|Islam, MD Sajedul -|
|Morano, Lisa -|
|Groves, Russell -|
|Bextine, Blake -|
|Walker, M.A. -|
Submitted to: Journal of Plant Pathology
Publication Type: Peer Reviewed Journal
Publication Acceptance Date: December 4, 2012
Publication Date: May 20, 2013
Citation: Lin, H., Islam, M., Morano, L., Groves, R., Bextine, B., Civerolo, E.L., Walker, M. 2013. Genetic variation of Xylella fastidiosa associated with grape vines in two major viticulture regions in the United Sates: California and Texas. Journal of Plant Pathology. 95(2):329-337. Interpretive Summary: Xylella fastidiosa (Xf) causes Pierce’s disease in grapevine. In this study, genetic diversity and population genetic structure of Xf strains isolated from grapes in two improtant grape growing regions in the United States, California and Texas, are described. Using multiple sets of molecular markers, genetic differentiation was found in both California and Texas Xf populations. Further genetic analyses indicated local geographic structure within California populations in which significant genetic differentiation was found among strains collected in Mendocino, Sonoma, Napa, Kern and Riverside counties. In contrast, no geographic association was observed in grape or non-grape strains in Texas. The data suggest that Xf populations in California and Texas may have been originally derived from two different origins/ancestors regardless of host. However, the observation that some California Xf strains shared features of Texas strains suggests that Texas strains may have been recently introduced into California likely through introduction of the glassy-winged sharpshooter(Homalodisca vitripennis), insect vector, in Southern California.

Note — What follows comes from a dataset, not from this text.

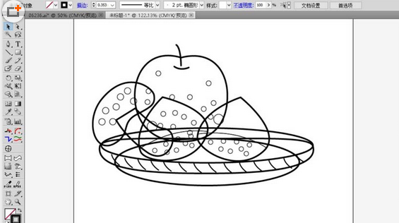 接着继续画出果盘当中大苹果,还有表皮上面的细节路径。

Technical Abstract: Xylella fastidiosa (Xf) causes Pierce’s disease in grapevine. Here, genetic diversity and population structure of grape strains of Xf collected from two important grape growing regions in the United States, California and Texas, is presented. Multilocus simple sequence repeat (SSR) markers revealed high genetic diversity in California and Texas Xf populations with a grand mean haploid genetic diversity of 0.427. Partitioning of genetic diversity (heterozygosity) across 13 SSR loci found high values within the two grape growing regions with 0.460 within Californian strains, and 0.452 within Texas strains. Cluster analysis of Nei’s genetic distances and hierarchical analysis of molecular variance separated California strains from Texas strains regardless of host, and also showed significant genetic differentiation between strains collected from these two broad geographic regions. Pairwise (FST) comparisons of local level geographical structure within California populations found significant genetic differentiation among strains collected from Mendocino, Sonoma, Napa, Kern and Riverside counties. Napa County had the most genetically diverse population within California, but shared genetic similarities with both Kern and Riverside counties. In contrast, no geographic association was observed with grape or non-grape strains in Texas, although host-associated structure was observed with these strains. Bayesian modeling using STRUCTURE indicated that Xf in California and Texas may be derived from different origins, regardless of host. However, the observation that some California Xf strains shared features of Texas strains suggests that Texas strains have been recently introduced into California. This introduction seems to have initiated in the Temecula region followed by expansion to various locales within California.